Quando gli parliamo, Alexandra, arrivata da poco dall’Ucraina, deve farsi aiutare da un interprete: “Ho iniziato a due anni, quando mi nascondevo sotto il letto e cantavo. Un giorno i miei genitori mi scoprirono e mi portarono al conservatorio”.

Al mio tavolo si siede il baritono modenese Bruno Pola con la moglie, il soprano colombiano Zorayda Salazar, la coppia di professionisti che in questi giorni ha cantato al Met i “Pagliacci”. Arrivano quando canta Alexandra. “Brava, deve però studiare un po’ la lingua, bene nella coloratura”. Poi Pola, il baritono di Pavarotti, ascoltando ancora Alexandra, ha come un sussulto: “Quando senti certe voci ti dici: ma che fa qui, perché non canta a teatro?”.
Pola e la moglie vengono spesso da Taci, “per rilassarsi ma anche per ricaricarsi, perché è bello vedere quanto la lirica sia sempre più popolare tra i giovani”.

Fausto Holban (suo il disegno sopra fatto per questo articolo), pittore modenese ormai di casa a Manhattan, è un cliente abituale del suo concittadino Leopoldo: “Da Taci ti sembra di essere nel caffè parigini frequentati e immortalati da Toulouse-Lautrec” ci dice mentre comincia a immaginare come immortalare il “suo” cafe.

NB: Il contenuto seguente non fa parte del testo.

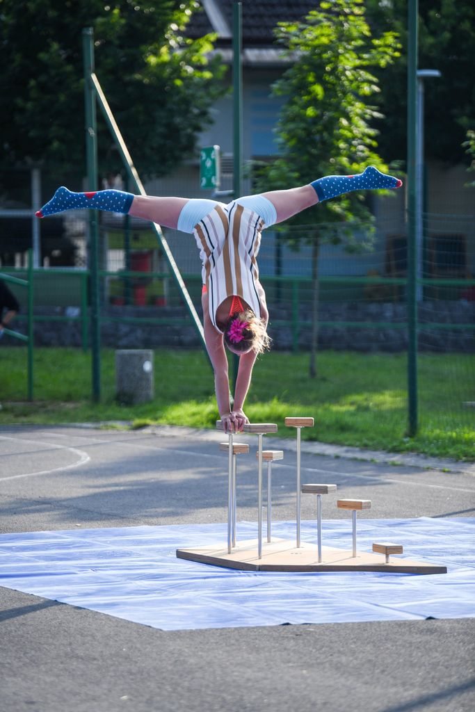 Tudi akrobatika je del tako tradicionalnega kot novega cirkusa. Nam se je predstavila mlada Nemka Kira Rabenstain oziroma HappyHandstandFreak s solo akrobatsko predstavo. Na različnih višinskih podporah nam je z zelo visoko tehniko predvsem stoje na rokah pokazala, kako se spopasti s porazi in da če ne odnehaš, lahko dosežeš več, kot bi si kdajkoli predstavljal.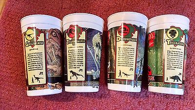 Mcdonalds 1992 Jurassic Park Cups Set of 4 Coke Coca-Cola Dinosaurs Promo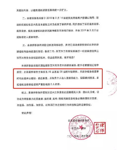 在张艺兴工作室的一纸起诉书上有这样一段话,“此类案件被告主体多为95后甚至00后等年轻群体……并称无个人收入及赔偿能力”,在越发低龄化的网络世界中,若是长期通过营销号来获取信息,缺乏经验的年轻群体很容易随波逐流,被当成枪使,这些充满悔意的年轻人便是摆在眼前的例子。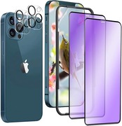 【4枚入りブルーライトカット】iPhone12 pro ブルーライトカット強化ガラスフィルム2枚+iPhone12 pro レンズフィルム 2枚 6.1インチ 近視に防ぎ 指紋付着防止 飛散防止 気泡防止 硬度9H強化ガラス 滑らかなタッチ操作 全面保護フィルム アイフォン12 pro ガイド枠付き a

Vorremmo registrare tutte le impressioni raccolte dal calorosissimo pubblico, ma lo spazio non lo concede.
Scegliamo quella della professoressa Lisa Carbone, australiana di Melbourne di origine italiana, Ph.D. in matematica preso alla Columbia e che da quest’anno, giovanissima, insegnerà alla Harvard University. E qui con tutta la sua famiglia che orgogliosa è venuta a trovarla dall’Australia. Che cosa in comune tra la matematica e l’opera? “La stessa bellezza naturale, tutte e due sono alla ricerca della perfezione dello spirito”.
Alcuni filosofi greci credevano che con la contemplazione del “bello” ci si avvicinasse a Dio. Se l’arte è il culto del bello, allora anche il Caffe Taci è un piccolo grande tempio di Manhattan.